El nacimiento del segundo hijo puede ser difícil para la madre pues su vínculo con su hijo mayor es muy fuerte y se cuestiona constantemente si será capaz de darle a ambos hijos todo lo que necesitan. Ella sabe que al nacer el bebé su energía física estará casi al completo dedicada a él y que el hijo mayor se tendrá que adaptar a esta nueva situación y que puede sentirse desplazado. Esto puede ser muy doloroso y hasta confuso pues por un lado se siente feliz y emocionada por el nuevo bebé que viene y por otro triste por el dolor que piensa sentirá el hijo mayor.

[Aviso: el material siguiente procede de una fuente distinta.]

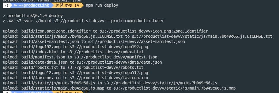 aws s3 sync ./build s3://productlist-devvv --profile=productlistuser
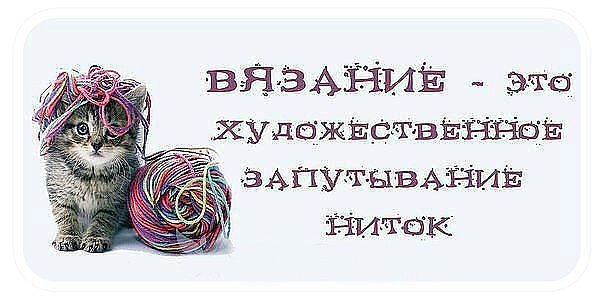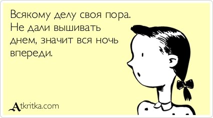 29 марта 2015 Чем занимается ваша жена, если ?.. 1. Глядя на картину, вы разбиваете ее на маленькие квадраты. 2. На вашем домашнем столе всегда прикручены пяльца. 3. Дома, когда нет жены, вы читаете через лампу с увеличительным стеклом. 4. Вы чаще бываете на почте, получая очередную посылку из интернет-магазина, чем посылаете родным открытку. 5. Вы знаете все магазины, продающие нитки в вашем городе, и стараетесь их тщательно обходить. 6. Ваша кошка уже давно разборчиво перестала есть китайские нитки, предпочитая им английские или немецкие. 7. Бывая в гостях, вы не обращаете внимания на картины, написанные маслом, тем более – на фотографии. 8. Вы подписаны на море журналов с непонятными для вас схемами, которые постоянно накапливаются в вашем шкафу, вытесняя оттуда на дачу любимые вами автомобильные журналы. 9. Ваш рабочий ксерокс постоянно используется для увеличения схем, а ваши коллеги думают, что вы увеличиваете план помещения, где звездочки, уголки и квадратики обозначают сотрудников и их компьютеры. 10. Вы различаете цвета только по каталогу DMC, причем, можете при желании вспомнить номер цвета. 11. Вы просматриваете графические файлы на вашем компьютере программой WinStitch. 12. На рабочем столе вашего домашнего компьютера разбросаны файлы шаблонов. 13. Вы боитесь поставить чашку кофе на скатерть, где только недавно появился новый узор. 14. На вашем носовом платке вышиты ваши инициалы. 15. Вместо бумажек для записей вы используете обрывки канвы. 16. Приглашая новых гостей к себе домой, вы подолгу мучаете их походами от стены к стене, прежде чем сесть к столу, рассказывая и показывая вышитые картины, а по их реакции вы решаете, открыть тот или иной напиток. 17. У вас никогда нет проблем с подарками для жены. 18. Вы стали более терпеливым и можете подождать полгода, прежде чем вбить в стену новый гвоздь, однако вы постоянно подумываете об увеличении жилой площади, т.к. стен уже катастрофически не хватает. marysolga, Фро-J, Mushuk и 18 других сказали спасибо Поделиться сообщением Ссылка на сообщение
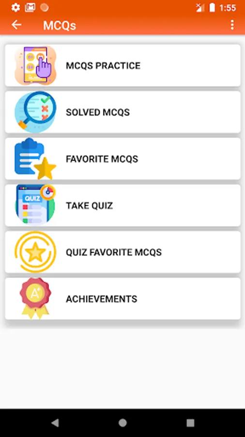 The MCQs Quiz is a unique feature, different from other apps with different aspects. The MCQs Quiz feature helps to test user's skills in a real simulated environment. The MCQs Quiz feature provides total control to the user to configure it as per his/her choice such as number of mcqs, number of minutes, difficulty level, random mcqs, negative marking etc.
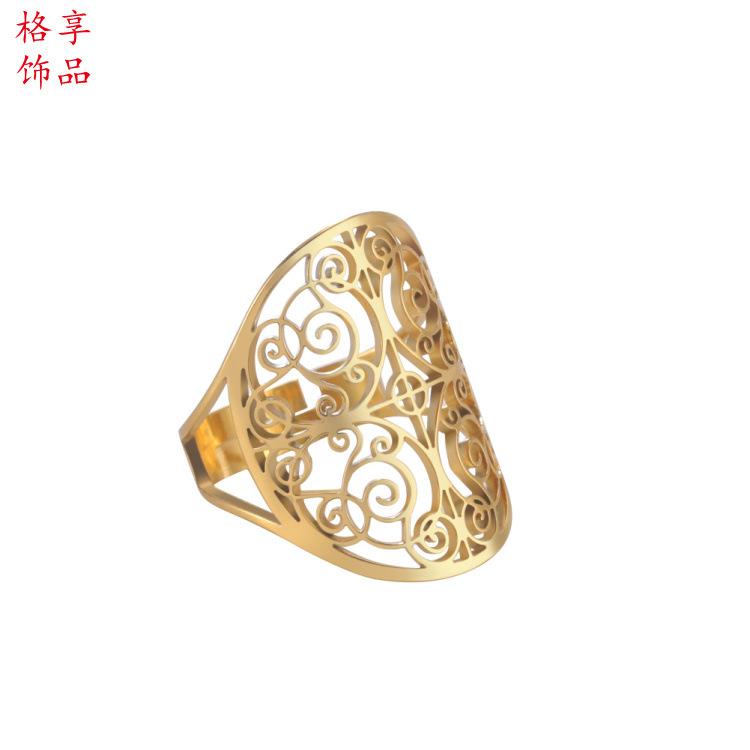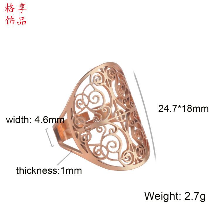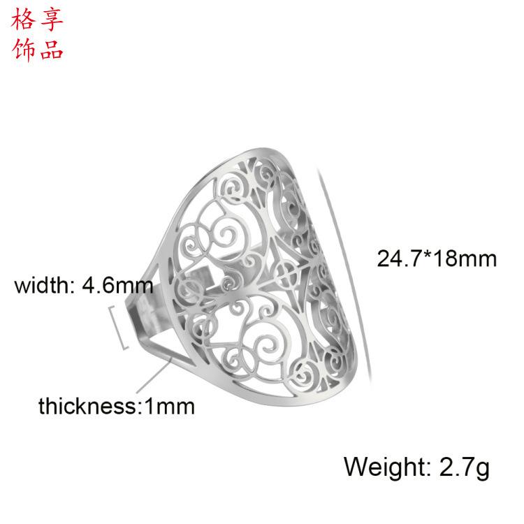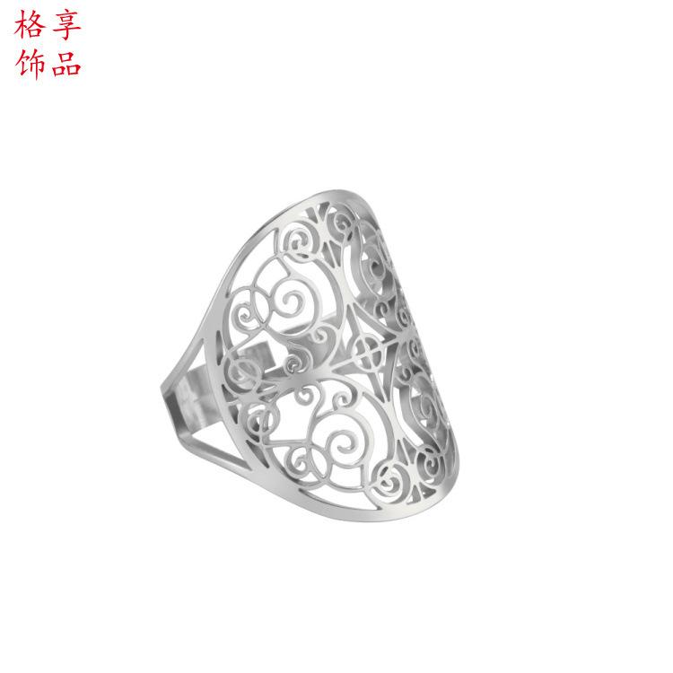 Exportación de comercio exterior caliente Viento nórdico acero de titanio corte hueco Flor Baro Oval acero inoxidable anillo de apertura
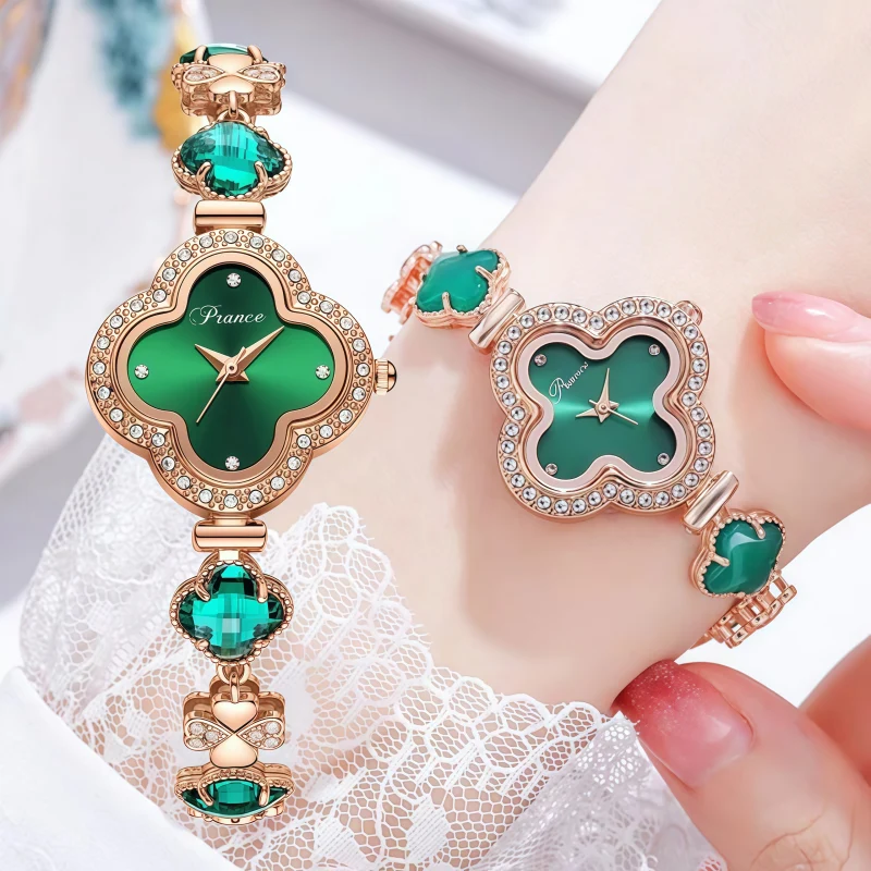 女錶・幸運遇見你 | 四葉草滿鑽錶盤 | 綠水晶玫金錶鍊 | 高級日本石英機芯 | 幸運草滿鑽錶盤綠寶石錶鍊精緻女手錶
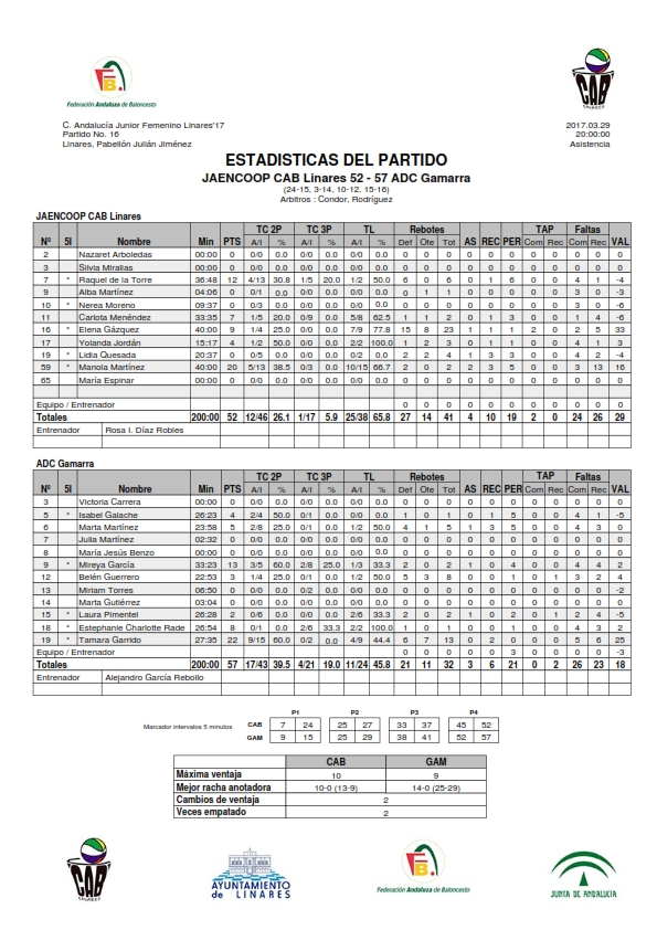 Entraron las chicas de Rosa y Eusebio nerviosas al encuentro, lo que permitió a las campeonas malagueñas del ADC Gamarra endosar un parcial de inicio de 0-7. Poco a poco las nuestra fueron entrando en el partido, y a base de una fuerte defensa y rápidas transiciones lograron devolverle a las rivales un parcial de 10-0 y lograr ventajas en el marcador que llegaron a los diez puntos.
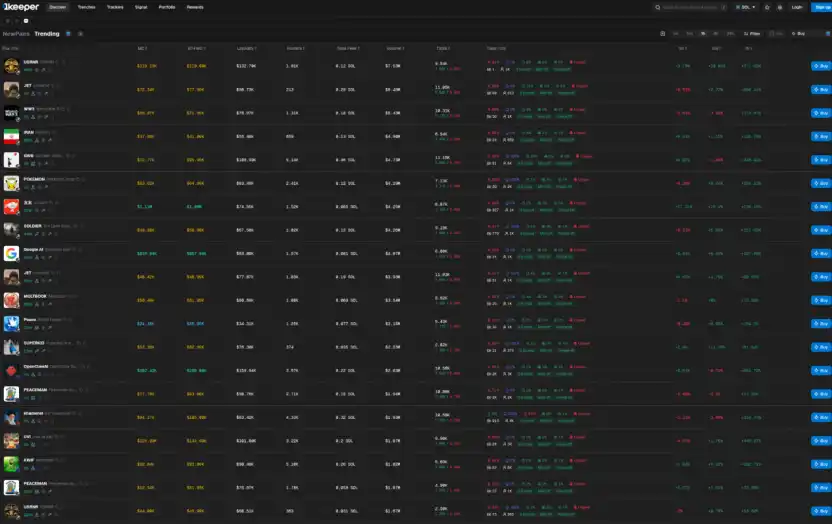 1Keeper Discover 页面:Trending 代币列表,覆盖市值、流动性、持有人等核心维度
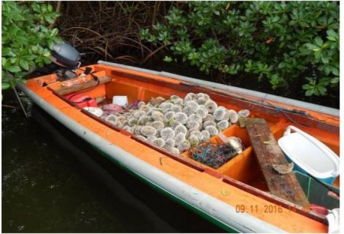 En tout cas, plusieurs plaisanciers ont été surpris en flagrant délit de pêche illicite d'oursins blancs, le 9 novembre dernier, à bord d'une yole (cf. photo) du côté du Cap Chevalier, dans le sud de la Martinique.
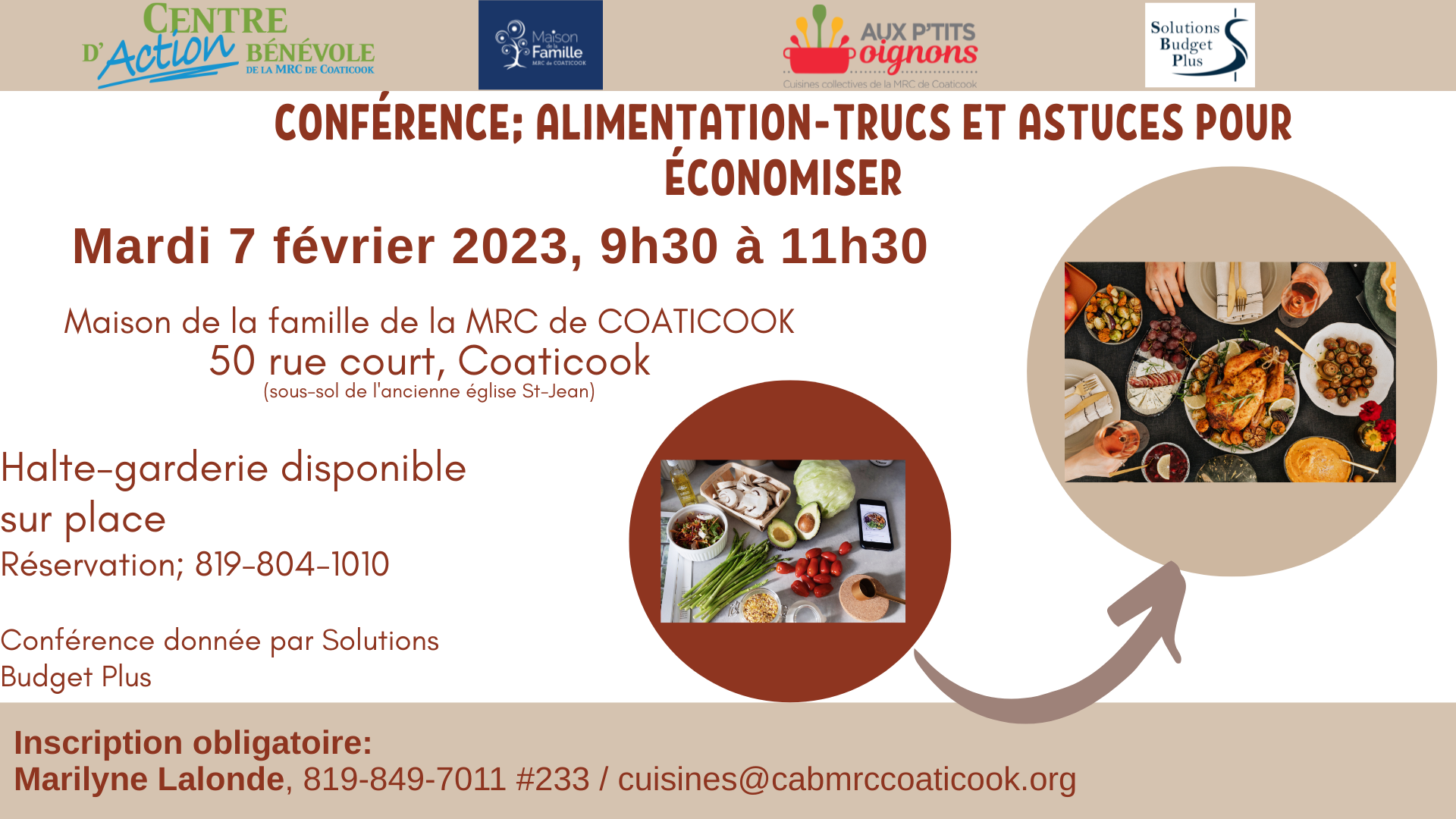 En collaboration avec Maison de la Famille MRC de Coaticook, le CAB est fier d’offrir gratuitement la conférence : Alimentation – trucs et astuces pour économiser présentée par Solutions Budget Plus ! Elle aura lieu le mardi 7 février dès 9 h 30 dans les locaux de la Maison de la famille (50 rue Court à Coaticook).
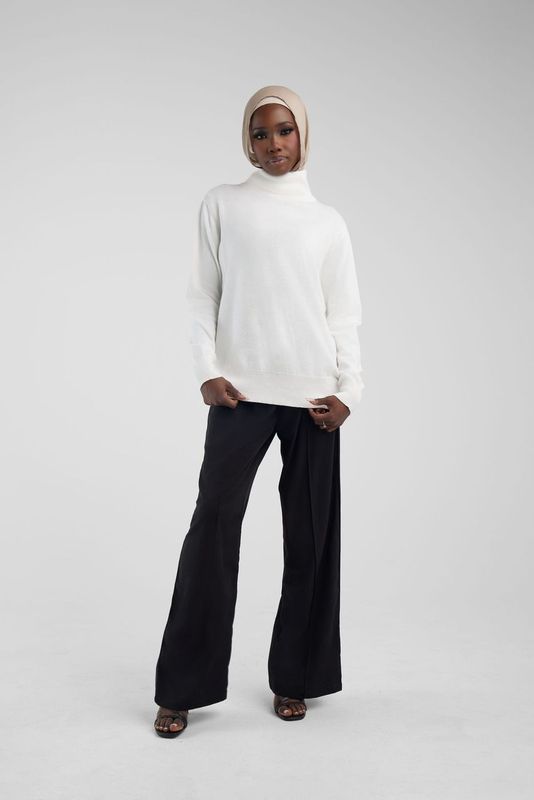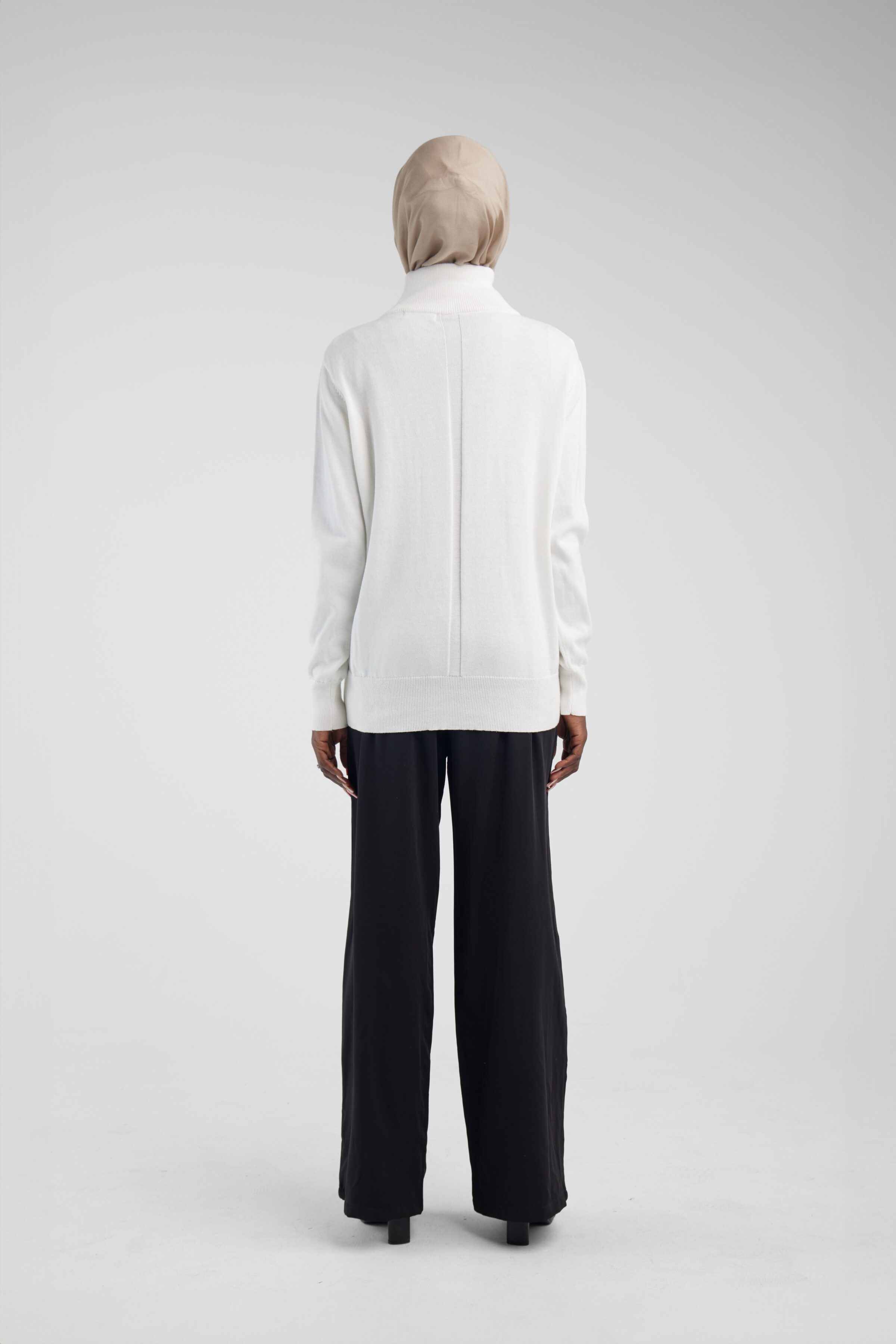 Elevate your seasonal ensemble with the white Turtle Neck, an essential for every wardrobe. This turtleneck exudes understated elegance, tailored for versatility across all your winter attire. Designed to layer flawlessly under outerwear or paired with a spectrum of bottoms, its soft knit fabric promises comfort without constriction. The ribbed turtleneck and cuffs add a touch of sophistication, while the relaxed fit ensures effortless style and ease of movement. Experience the blend of luxury and practicality with this chic staple.

El padre también está descolocado pues hasta ese momento el referente emocional del hijo mayor ha sido la madre y ahora sabe que le toca a el acompañarlo y proveerle de todo lo que necesita. Muchas veces, en especial con niños menores de 2 años que están aún en un estado de dependencia exclusiva de su madre, la situación se complica pues para el niño es difícil comprender esta situación y puede resistirse a los cuidados de otra persona que no sea su madre.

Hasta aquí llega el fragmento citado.